10. In July or early August 1992, Gaito asked Angelo J. Coppolino, a Moore Stephens principal who chaired the accounting and auditing committee and was responsible for making judgments on audit independence, whether Gaito's position as trustee of trusts that invested in securities issued by audit clients would impair Moore Stephens' independence as to these clients. On August 6, 1992, Coppolino consulted the AICPA Ethics Division, which responded that independence would indeed be impaired if a member of an audit firm, acting as trustee, purchased even one share of the securities of one of the firm's audit clients. The AICPA Ethics Division stated that independence would be impaired in this situation even if the investment were not material, and even if the member of the firm who was the trustee signed a document formally stating that he would leave to his co-trustee all investment decisions regarding the securities of the firm's audit clients. A summary of this consultation with the AICPA Ethics Division was included in the firm's "consultation" file.
11. Gaito apprised Brennan of the problem, and less than a week following the AICPA Ethics Division's clear advice concerning impairment of independence, a plan emerged to evade Moore Stephens' independence obligations. The plan involved having Brennan create, on August 12, 1992, a new trust called the "Family Investment Trust," for the collective benefit of all three Brennan sons. The new trust would be what Brennan termed a "receptacle for stocks that created the conflict for" Moore Stephens.
12. Brennan appointed Riccio as trustee of the new trust, but Brennan could not recall ever consulting with Riccio about investments for the trust.7 In the instrument creating the Family Investment Trust, Brennan decreed that Gaito would be the successor trustee, who would automatically be asked to take over if Riccio died or resigned. And in a companion document executed that same day as the trust instrument, Riccio appointed Gaito as the signatory for the new trust's bank accounts.

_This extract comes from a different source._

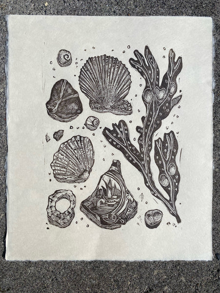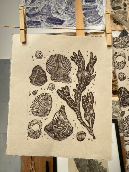 Restronguet Treasure is a limited edition of 100 prints handprinted onto off white Japanese paper, the print is a smallee print just short of an A4 sheet of paper-This paper is considered to be vegan as there is no sizing agent/wet strengthening agent/aluminium sulphate included in the paper, it is bleached by natural means and is compossed mostly of Gampi fibres, in raw umber ink (also vegan)
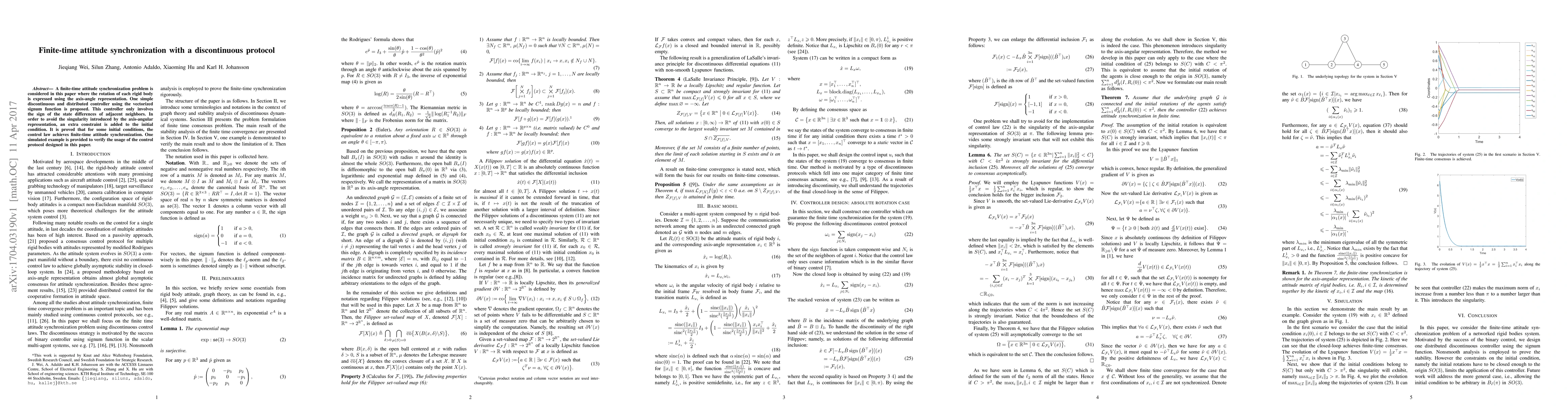 This paper proposes a discontinuous distributed controller using the signum function for finite-time attitude synchronization of rigid bodies, avoiding singularity through an initial condition constraint. The control law achieves synchronization in finite time for certain initial conditions, as demonstrated by a simulation example.

13. Gaito discussed this new arrangement with Coppolino. Only days before, the AICPA Ethics Division had advised Coppolino that Gaito could not, as trustee, invest in the firm's audit clients. Yet notwithstanding this negative advice, neither Coppolino nor Gaito bothered to do another consultation with the AICPA and made no reasonable inquiry before proceeding with the Family Investment Trust arrangement.
14. Within weeks after creation of the Family Investment Trust, Gaito signed contracts on behalf of the three Children's Trusts to transfer their securities of Airshield, Crescent and Taft to the new Family Investment Trust. In the case of each of these transfers of securities, the Family Investment Trust did not actually pay the Children's Trusts for the securities. Instead, the contracts stipulated that payment would not be made for a year after the sale. Since the Family Investment Trust did not have the financial ability to repay the loans, the Children's Trusts' economic interest in the Airshield, Crescent and Taft securities remained essentially the same as before the purported transfers of the securities.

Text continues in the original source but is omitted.